Hello, I’m trying to figure out the best way for DataFramesMeta and I want to understand the performance implications of the following.
- Go through an expression and find all the symbols that are in the propertynames of the data frame, which is of course not listed in the type information of the data frame.
- Write a function with the exact number of inputs as the number of columns referenced. i.e.
df = DataFrame(a = [1, 2], b = [3, 4]) x = 4 @transform(df, c = a .+ b .+ x)
looks at the expression
:(a .+ b .+ x) and uses, say, MacroTools to find that
:b are columns in the data frame, but not
:x. Then I make a function
_f(_a, _b) _a .+ _b .+ c
and make a subsequent
src => fun => dest call for DataFrames.transform.

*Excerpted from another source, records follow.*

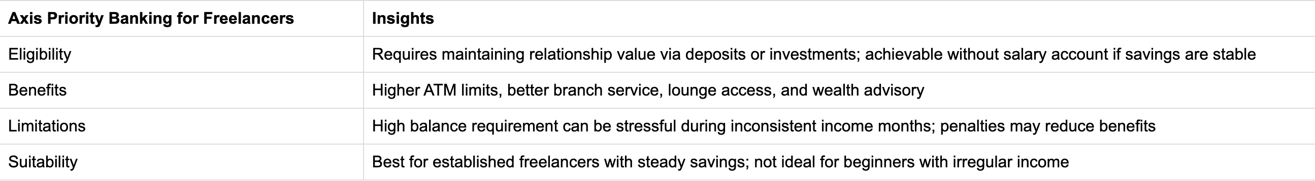 Axis Priority Banking is marketed as a premium banking service with exclusive benefits such as higher withdrawal limits, priority service at branches, and wealth management support. However, freelancers often face irregular cash flows, so evaluating whether the requirements and benefits align with freelance income patterns is important.
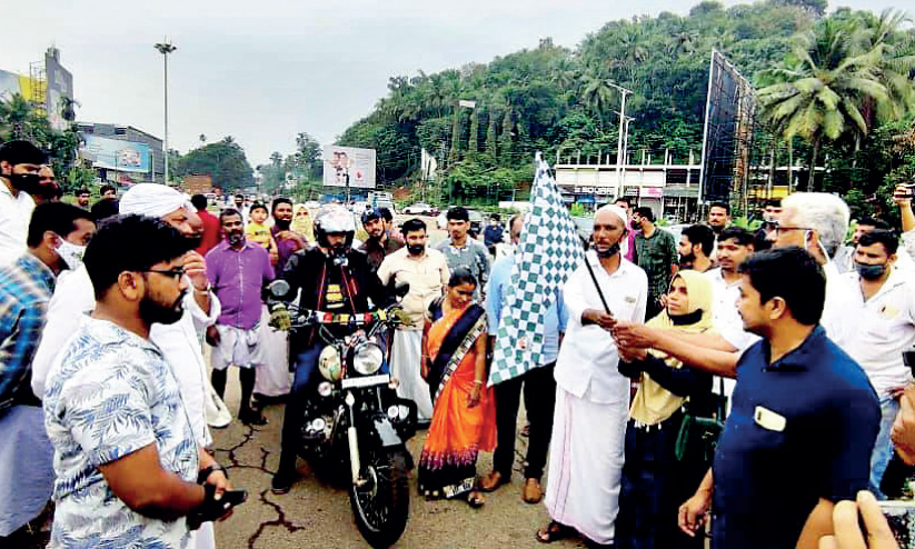 text_fieldsദിൽഷാദിെൻറ യാത്ര ചേലേമ്പ്ര ഗ്രാമപഞ്ചായത്ത് പ്രസിഡൻറ് ജമീല ഫ്ലാഗ് ഓഫ് ചെയ്യുന്നു
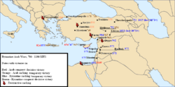 الصراع الأولي وصل إلى نهايته خلال العهود من الإمبراطور البيزنطي ليو الثالث من إيساوريان و الخليفة معاوية عمر بن عبدالعزيز, بعد الحصار العربي الثاني للقسطنطينية في 717-718, عندما شنت القوات المسلمة الأرضية, بقيادة مسلمة بن عبدالملك,خطأ استشهاد: وسم الفتح <ref> غير صحيح أو له اسم سييء. هزمت من قبل أسوار القسطنطينية وعندوصول القوات البلغارية المتحالفة في الوقت المناسب حتى لكون الاسطول البحري الأموي قد هزم من قبل النار اليونانية:
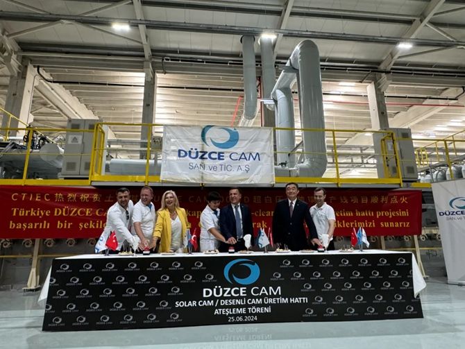 土耳其当地时间2024年6月25日15时18分,全套采用中国标准、技术和装备,由中国建材国际工程集团有限公司总承包建设土耳其Duzce Cam日熔化量300吨超白压延玻璃生产线顺利点火。土耳其Duzce Cam玻璃公司董事会主席、总经理Kasim AKTAS、中国建材工程集团党委书记、总裁马立云参加点火仪式。

I think this is roughly equivelent to the following
julia> function make_function(df) pn = propertynames(df) if :a in pn && :b in pn [:a, :b] => (function(a, b) a .+ b end) => :c1 elseif :a in pn :a => (function(a) a .+ 1 end) => :c2 elseif :b in pn :b => (function(b) b .+ 100 end) => :c3 end end make_function (generic function with 1 method) julia> transform(df, make_function(df))
In that I make a different function based on what is in the data frame.

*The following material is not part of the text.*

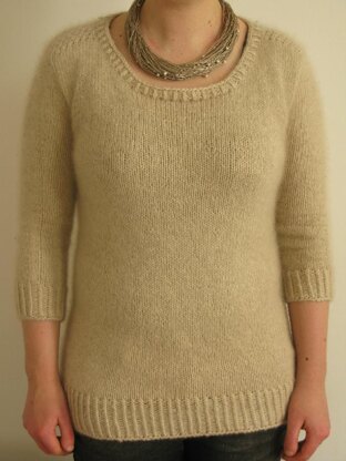 A classic fitted sweater with pretty detailing at the shoulders. The slightly longer length is flattering and elegant, while twisted ribbing gives a neat and finished look. The recommended yarn is gorgeous undyed cashmere, adding a touch of luxury to a simple knit. This sweater is seamless, knitted from the top down, and has set in sleeves. Instructions for 10 sizes are given: to fit bust 32 (34, 36, 38, 40, 42, 44, 48, 52, 56)”. Extensive guidance for altering the sweater for a perfect fit is given at the end of the pattern.
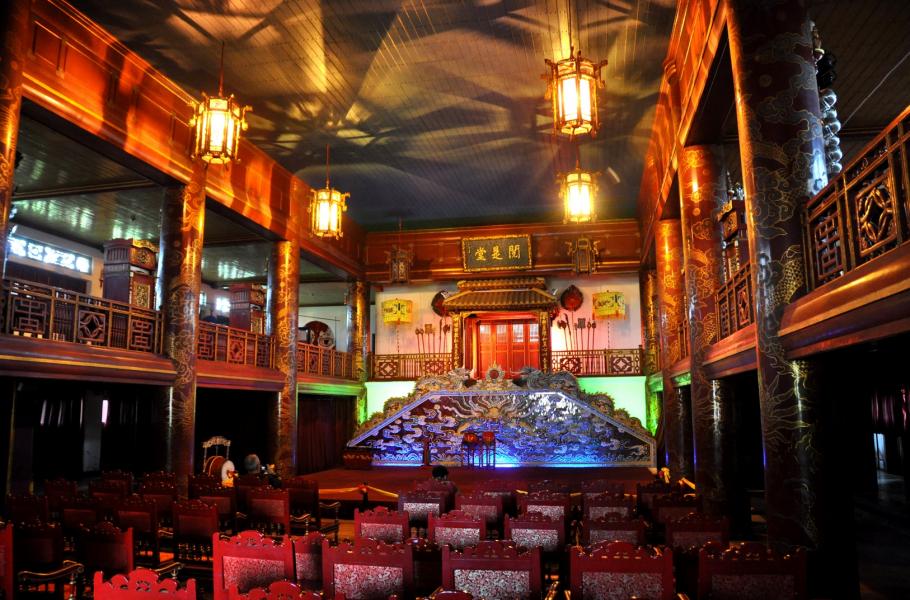 Sídlo Thai Hoa dostalo přezdívku Palác harmonie a jistý soulad tu skutečně pocítíte. Podlouhlé zašpičatělé stříšky zdobí kamenní draci jako ochránci, před paláci se rozprostírají barevné záhony a z keramických květináčů vyrůstají bonsaje. Osmdesát lakovaných sloupů podpírá střechy, pod nimiž se ukrývají soukromé komnaty císaře. Většinu stěn krášlí barevné fresky: na první pohled působí jednoduše, ale jejich krása tkví v jemných detailech, ornamentech, kaligrafii a geometrických vzorech. V jedné z místností stojí i trůn, na kterém prý sedával samotný císař. Nosíval opulentní róbu prošívanou zlatem a zdobenou vzácným jadeitem a na hlavě klobouk s devíti draky.

My question is: Are there performance costs to this approach? Assuming this is feasible, is defining a function this “late” going to prevent the compiler from making the necessary optimizations?
Can someone point me to more reading on the subject?
It looks like this post indicates there may be performance penalties. But there are so many things people do with metaprogramming, particularly with ForwardDiff and ChainRules etc. that maybe this isn’t a problem.